It’s untrue that a same-sex couple can’t have an unassisted birth, at least in the case of two women. One could certainly find a willing partner to try and get pregnant with, and, once that is accomplished, the male partner may not want anything to do with the child. I think, but I’m not researching it right now, that the statute states that, in the case where a child is conceived through an affair, the husband is still considered, by default, the father, unless paternity tests, etc., happens. So, this would be just as if one wife had an affair and got pregnant. The other spouse should be considered the parent, just like it would be for an opposite sex couple.
The only thing that springs to mind for me is the presence of the word “husband” in the statute. It’s my understanding that in a F-F SSM, each person refers to her spouse as “wife” (conversely, two men will each refer to their spouse as “husband”).*
Of course, replacing the word “husband” with “spouse” in the statute solves the problem nicely. Had the Arkansas Supremes insisted that such replacement must be accomplished legislatively, there might have been a little more argument (still with the same outcome, though).
*This may not be universal, which would tend to undermine the basis of even this shaky rationalization.
The default is different because the concerns are different. When it’s an opposite-sex couple, the husband is presumed the parent because there is no way of establishing that the wife had sex with someone outside the marriage, absent paternity testing. Having no presumption would raise the risk of irresponsible husbands falsely denying paternity and avoiding testing.
When it’s a lesbian couple having a baby, the gestational mother unquestionably got spermed in one way or another by someone outside the marriage, and the relevant question is whether she did so for purposes of assisted reproduction with her spouse or because she was having a bisexual extramarital affair. A presumption that the non-gestational spouse is the other parent increases the risk that the non-gestational spouse will be compelled into parenthood that she did not intend or consent to (and again excusing an irresponsible man).

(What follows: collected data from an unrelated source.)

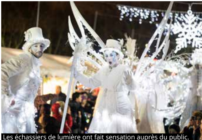
Les échassiers de lumière ont fait sensation auprès du public.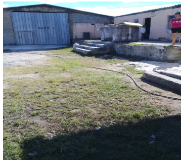
Almacén de la UEB.

Este funcionario ha establecido un negocio familiar en esta entidad, para cubrir la corrupción existente, colocando como trabajadores a su padre, suegro, primo y a un guardia que garantiza la salida ilegal de los materiales.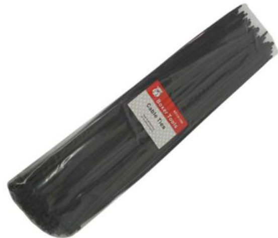
COD: NTCH-16B AMARRA PLÁSTICA NEGRA 16 PULGADAS

(1312) AMARRA NEGRA PLA STICA 14 PULGADAS BOXE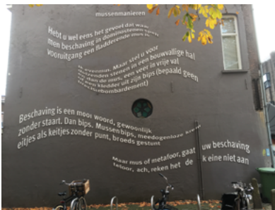
Plekgedicht op de zijgevel van Heuvelstraat 139.

That’s one way to look at it, but you could also look at it this way. When the wife of an opposite sex couple has an affair and she, her husband, and the biological father all know about it, the husband still ends up with his name on the birth certificate, barring extraordinary actions. That’s true even if the husband has no testicles or has had a vasectomy and couldn’t possibly be the father. However, when the wife of a same-sex couple has an affair and she, her wife, and the biological father all know about it, the state is saying that either the bio father or no one is listed on the birth certificate. That’s disparate treatment and disallowed under Obergefell.
When I had my kids, no one asked me whether I was fertile and no one checked under my pants for the presence of sperm makers, and yet here I am with my kids’ names on their BCs.

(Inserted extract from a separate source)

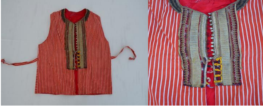
Şekil 4. Harçlı yeleğin önden görünümü

Speaking purely hypothetically for the sake of argument, suppose the paternity test shows that your wife conceived a child with another man. She says, however, that you privately asked her to do so and agreed that you would assume all parental responsibility if she got pregnant. How will you prove otherwise?
My point being that the regime you’re proposing makes it more difficult for an “innocent” spouse victimized by an affair to deny parenthood in a same-sex marriage, which is disparate treatment.

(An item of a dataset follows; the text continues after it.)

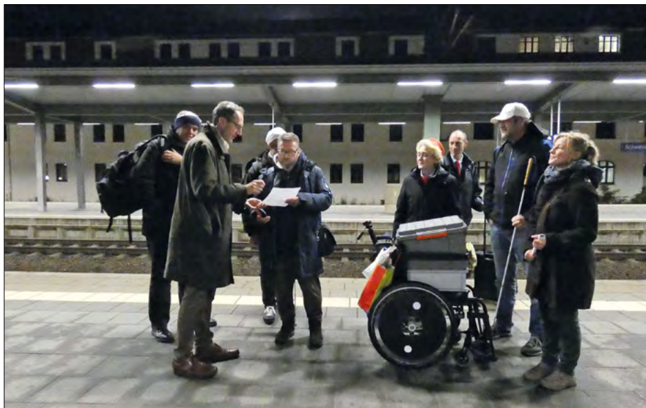
Barrierefrei: Test bei der Bahn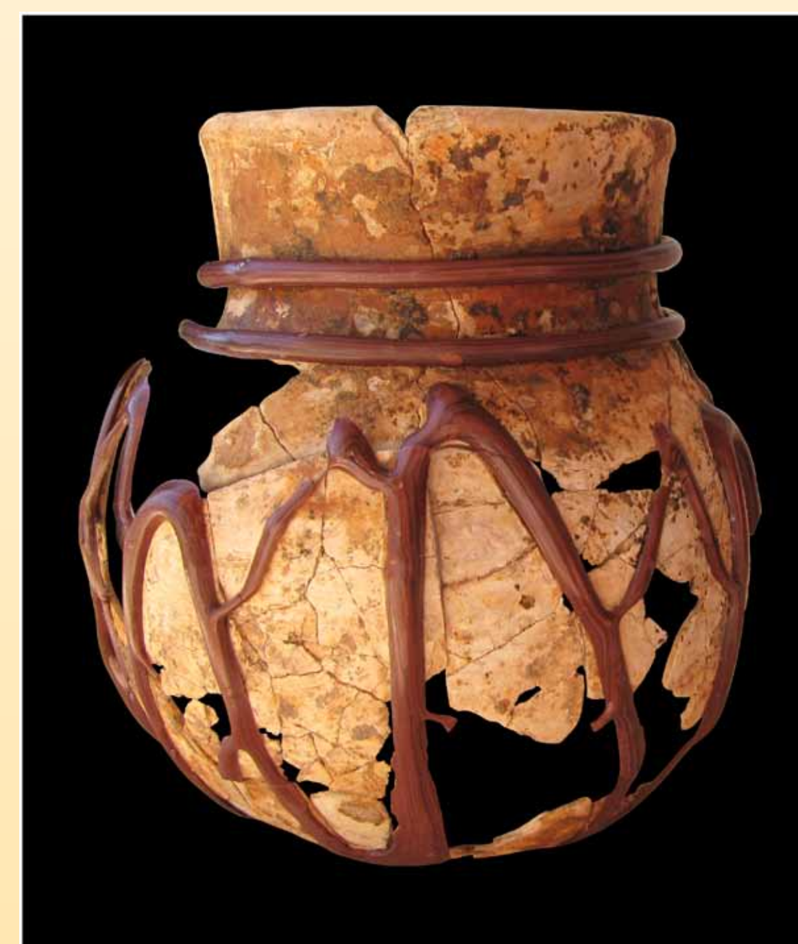
Reconstitution du pot/gobelet.

En premier lieu, ils ont fait l'objet d'une consolidation par immersion dans l'acétone avec 10 % de résine méthacrylate Paraloïd B72®. En second lieu, un nettoyage au pinceau imbibé d'éthanol a été effectué, avant le remontage réalisé avec la même résine diluée à 25 % dans de l'acétone. Un doublage au papier japon a permis de consolider les jonctions les plus fragiles.

I think this is currently the case for straight couples – a husband and wife are considered to be the father and mother by default, and only through extraordinary efforts (paternity test, for example) would both of their names not be on the BCs, even if both parents know, for some reason or other, that the husband is not the bio-father. Why should same-sex couples have to go through extraordinary efforts (adopting the child of their spouse) when opposite-sex couples do not?
Meh. Just put the spouse’s name on the birth certificate in pencil and if the spouse does not raise an objection within 60 days of the birth, write it over in ink.